Exercise details:
Could the listing be repeated exactly, with every picture dropped?

Data segment:

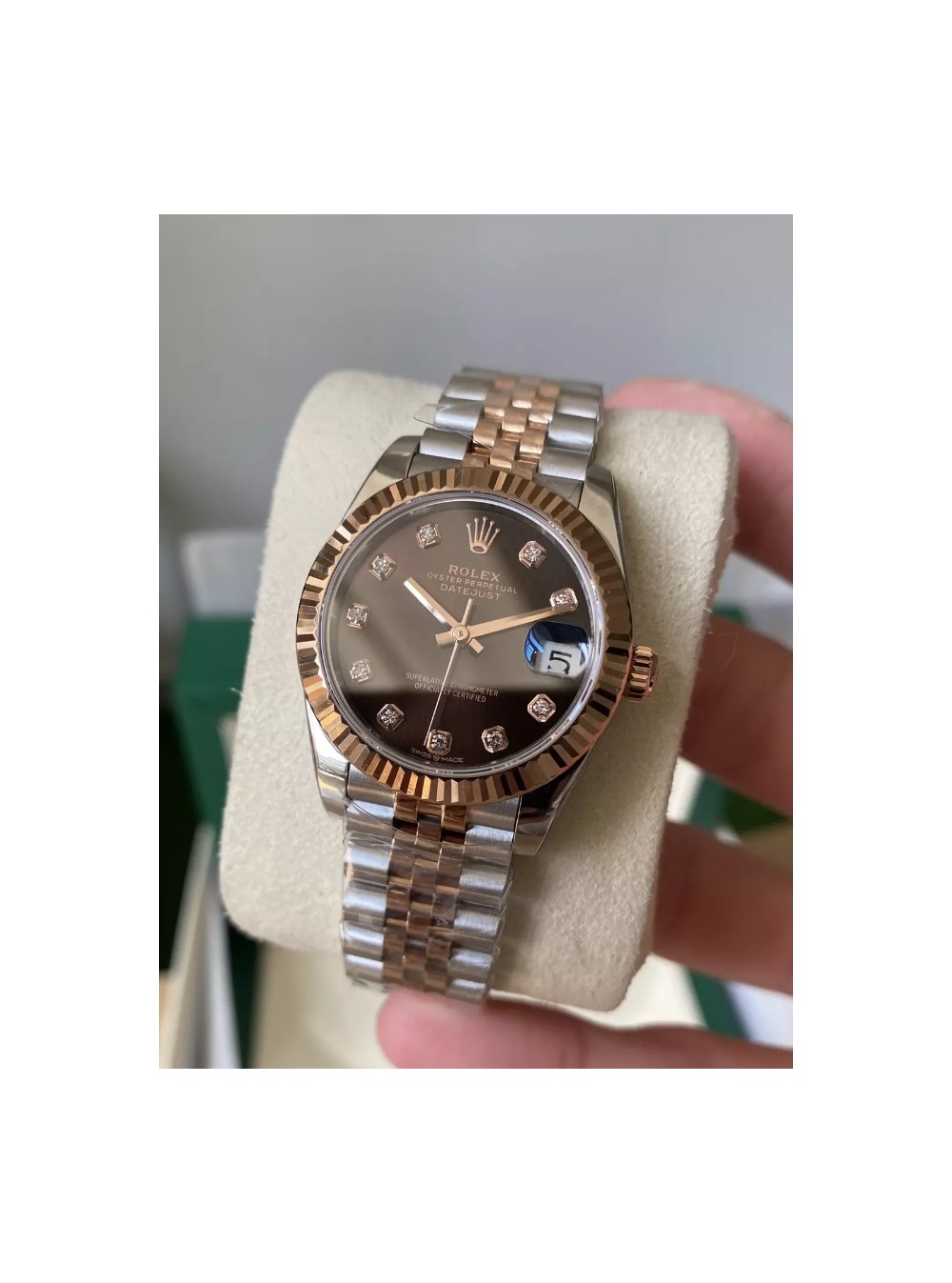 롤렉스 여성용 데이저스트 브라운 다이아몬드 다이얼 콤비 SS/RG 31mm 278271
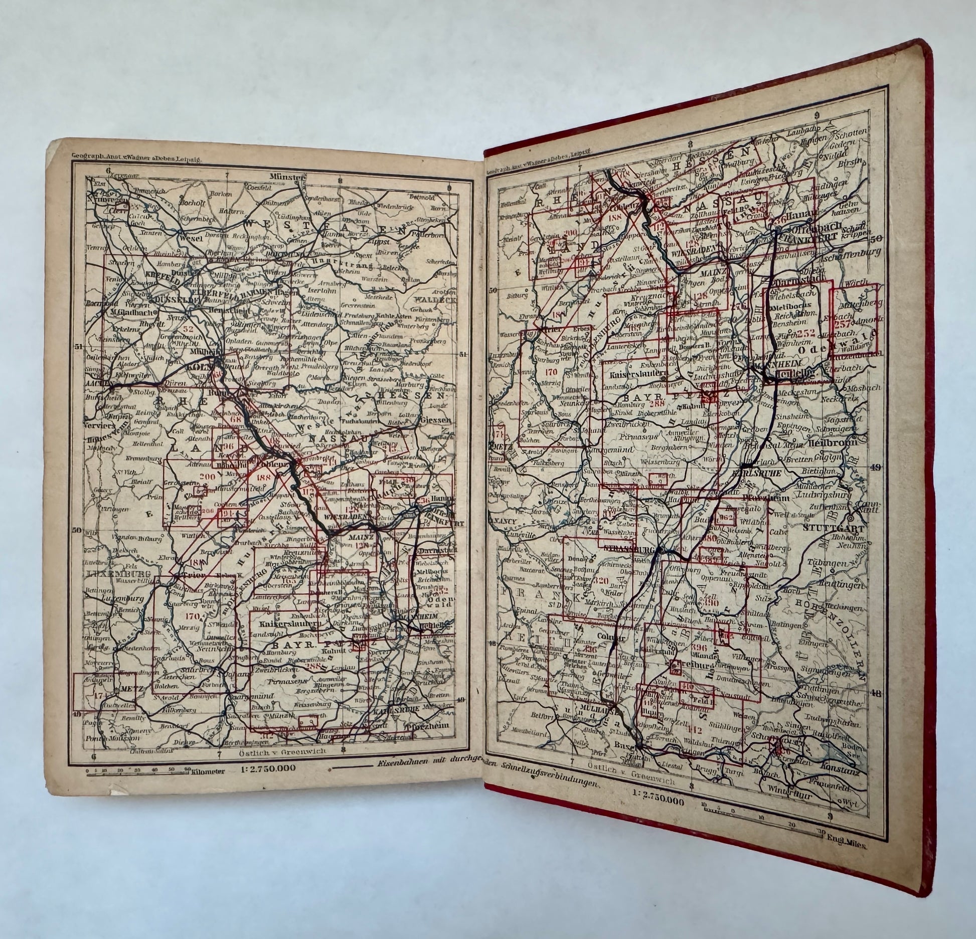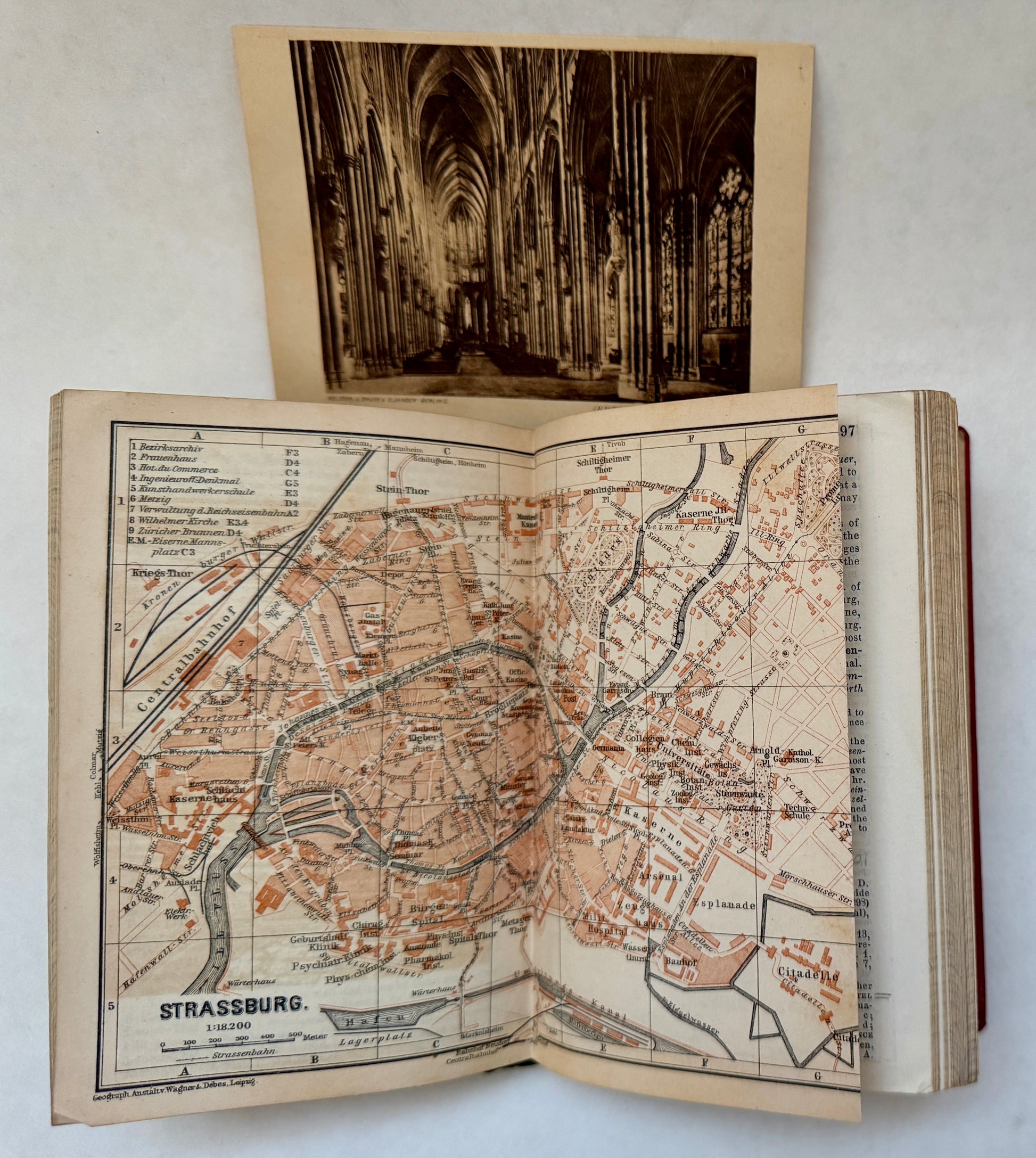 London: K. Baedeker; Dulau & Co., Leipsic, 1900. Fourteenth Revised Edition. 12mo in red cloth, gilt titles; 448 pp: 45 maps, 25 plans; 16 cm. Marbled textblock; green silk ribbon marker. Relevant postcard of same period and place laid in. Very good to vg(-), with mild wear to edges; ; light pencil to flyleaf else pages clean; binding tight. Limp leather.
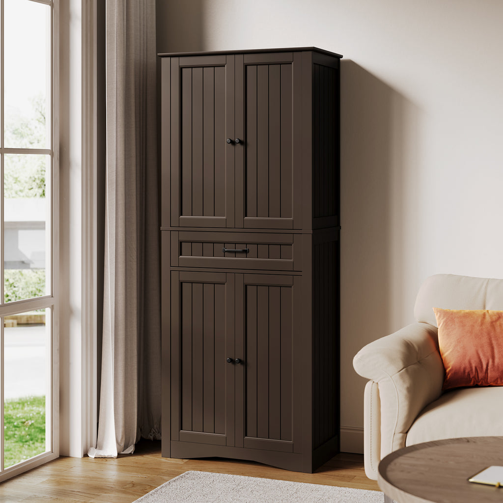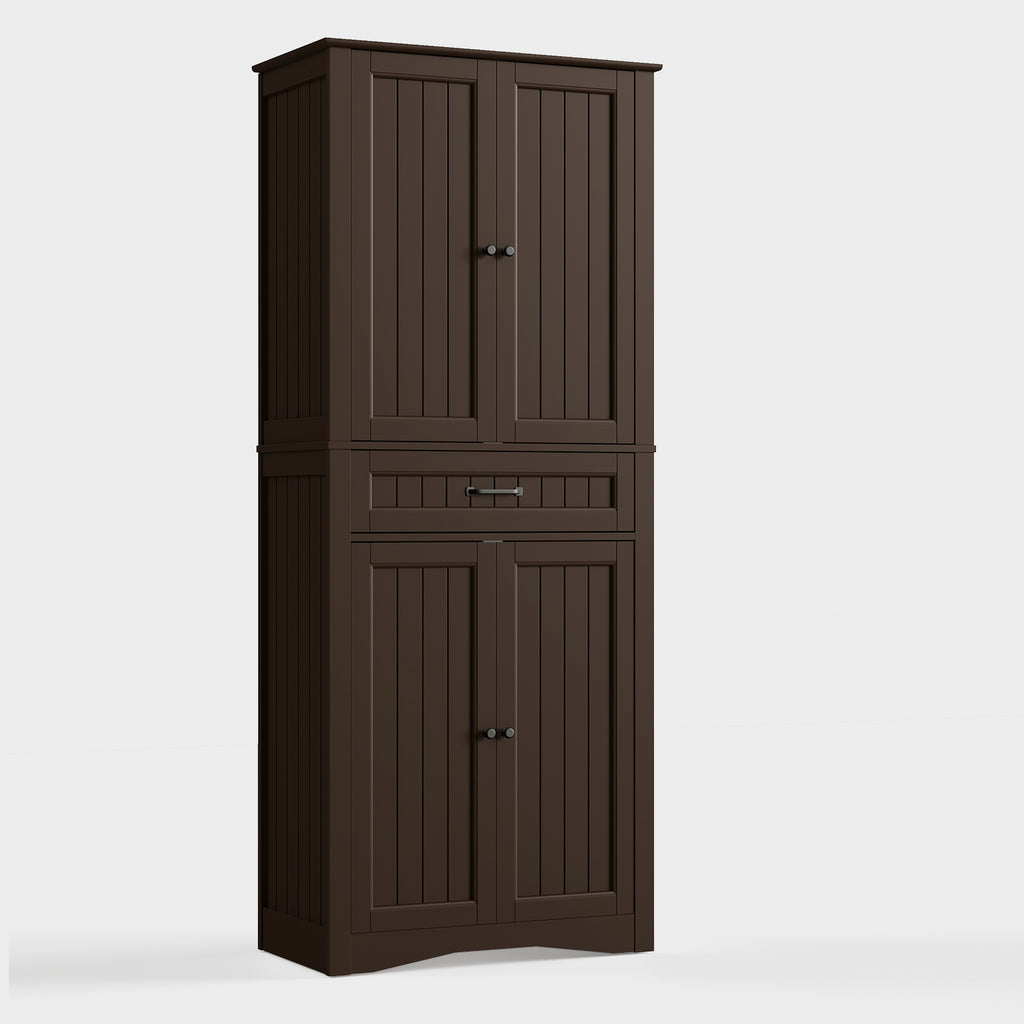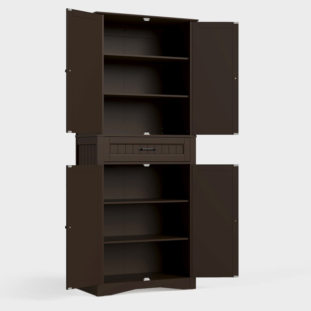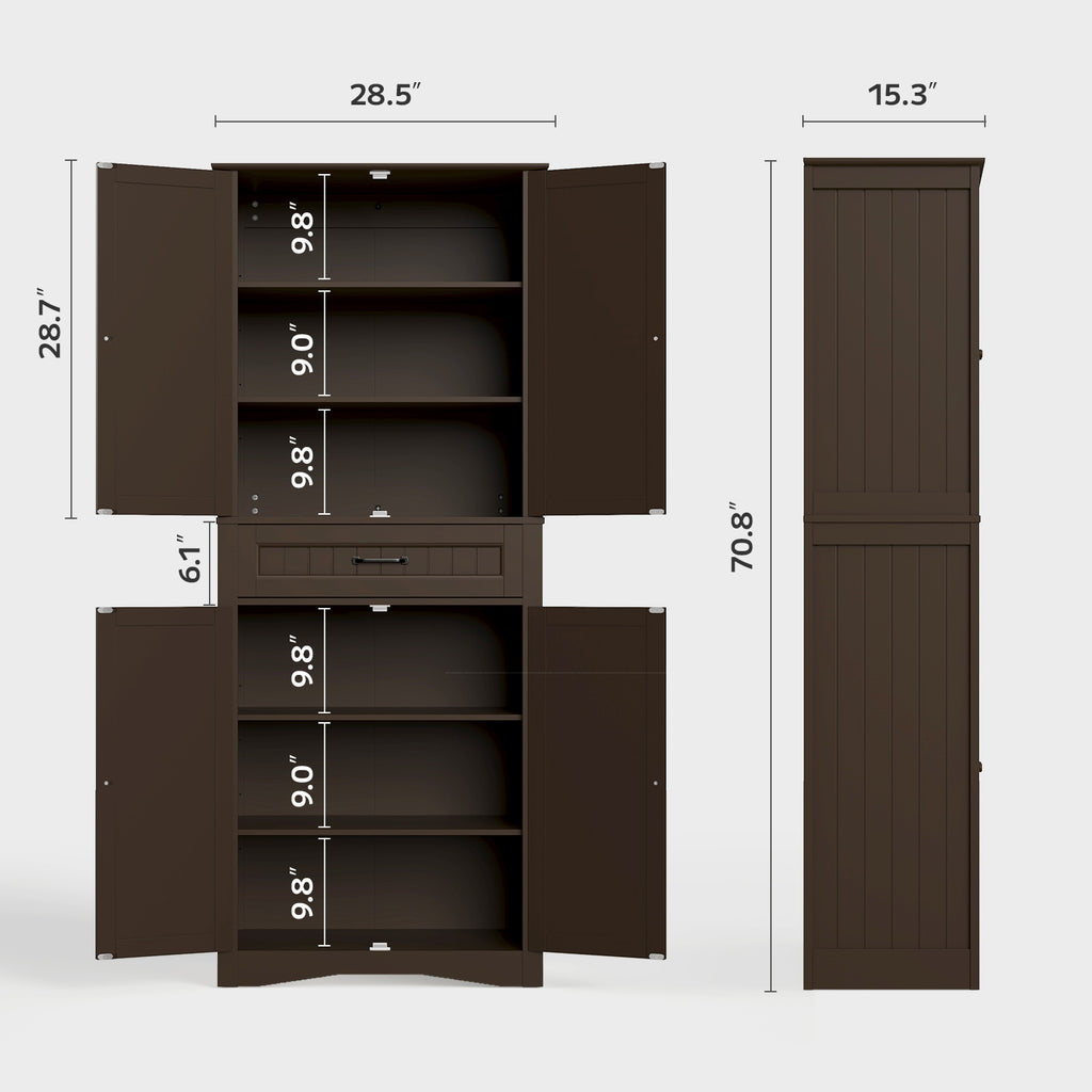 Asofer 71" Modern Pantry Storage Cabinet with Doors and Adjustable Shelves for Kitchen, Living Room, Dark Brown
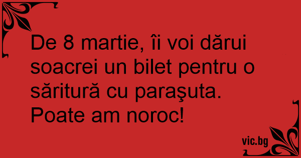 De 8 martie, îi voi dărui soacrei un bilet pentru o săritură cu paraşuta. Poate am noroc!

Task result:
 롤렉스 여성용 데이저스트 브라운 다이아몬드 다이얼 콤비 SS/RG 31mm 278271
 London: K. Baedeker; Dulau & Co., Leipsic, 1900. Fourteenth Revised Edition. 12mo in red cloth, gilt titles; 448 pp: 45 maps, 25 plans; 16 cm. Marbled textblock; green silk ribbon marker. Relevant postcard of same period and place laid in. Very good to vg(-), with mild wear to edges; ; light pencil to flyleaf else pages clean; binding tight. Limp leather.
 Asofer 71" Modern Pantry Storage Cabinet with Doors and Adjustable Shelves for Kitchen, Living Room, Dark Brown
 De 8 martie, îi voi dărui soacrei un bilet pentru o săritură cu paraşuta. Poate am noroc!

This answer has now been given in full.